Thanks to you is why I did not think I was totally nuts and added to it to my list :laugh:

I plan on putting up a fight if my Routan does not come out of there 100% btw. My dealer knows better after what I did to get my CC running right and that was only a lease!


----------



## juvefan20 (Mar 24, 2001)

Update!

So far they did an alignment on it and found the settings to be off. The toe was off by a bit in fact. (Repaired)
The light in the trunk was also repaired.

Now the bad news, I have to take a tech for a test drive since they do no hear anything abnormal from the engine bay and same thing for the noise entering the cabin. :banghead:


----------



## taxman100 (Apr 30, 2011)

You were smart to get the off-center wheel checked right away - I waited too long, and while I was not there when my wife took the car in, but with over 4,000 miles on the van, Volkswagen would not cover an alignment.


----------



## TokenRednek (Sep 26, 2011)

I have an 03 t&c...while it is a Chrysler and not even the same body style as the routan...the roof rack cross rails were the cause of my whistling noise...I removed them and the noise was gone...it would only create the noise at 65-90mph...so if your dealer only took it down the street...but you hear the noise on the highway...tell him to get in with you and you go and duplicate the noise if you can...I hate it when you can hear something you know is wrong but they can't find it. Then as soon as you pull off the lot...it does the noise. That's why I suggest the ride along. Hope this helps...and good luck


----------



## Steveaut (Sep 16, 2010)

TokenRednek said:


> I have an 03 t&c...while it is a Chrysler and not even the same body style as the routan...the roof rack cross rails were the cause of my whistling noise...I removed them and the noise was gone...it would only create the noise at 65-90mph...so if your dealer only took it down the street...but you hear the noise on the highway...tell him to get in with you and you go and duplicate the noise if you can...I hate it when you can hear something you know is wrong but they can't find it. Then as soon as you pull off the lot...it does the noise. That's why I suggest the ride along. Hope this helps...and good luck


No roof racks on the 2010 models, except the Premium. Mine whistles without the roof rack. It sounds like the window on the driver's side.


----------



## VWroutanvanman (Feb 12, 2011)

*Locating a leaking door gasket*

An easy way to find an air leak is to put a radio outside of the van and go around the door seals of the closed doors with a mechanics stethoscope, or a piece of tubing. Where the sound from the radio is loudest is where the gasket is not sealing correctly (and can cause a whistle at speed), then you can point out the leak ot the service people. This should also work for a windshield leak. Hope this helps.


----------



## 58kafer (Jun 27, 2007)

VWroutanvanman said:


> An easy way to find an air leak is to put a radio outside of the van and go around the door seals of the closed doors with a mechanics stethoscope, or a piece of tubing. Where the sound from the radio is loudest is where the gasket is not sealing correctly (and can cause a whistle at speed), then you can point out the leak ot the service people. This should also work for a windshield leak. Hope this helps.

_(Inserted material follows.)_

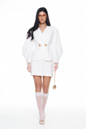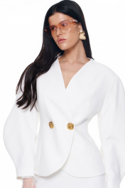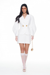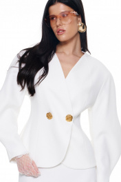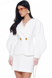 Костюм из плотной поливискозы состоящий из жакета и мини-юбки. Жакет на подкладке приталенного силуэта придаёт фигуре эффект песочных часов. Архитектурные рукава делают образ сложным и изысканным. Застежка на две большие золотые пуговицы. Юбка-мини на подкладке с застёжкой на потайную молнию сзади. Длина жакета 42-46р - 60,5см; Длина юбки 42-46р - 45см.

That's a good idea! I always use 2" wide blue painters tape around doors, windows while trying to find a leak. I'd start by putting tape across the top of the windshield where it meets the roof, there's a good 1/4" gap there, then go down one side, then the other, etc... until you finally cover what is making the noise. At some point you'll either find the wind noise or have taped your entire Routan blue.


----------



## juvefan20 (Mar 24, 2001)

I like what I am reading. Hopefully onces I ride along the tech will hear it too. I think they just don't know what to listen for in my case. (I am trying to be a good guy and give them the benfit of the doubt.)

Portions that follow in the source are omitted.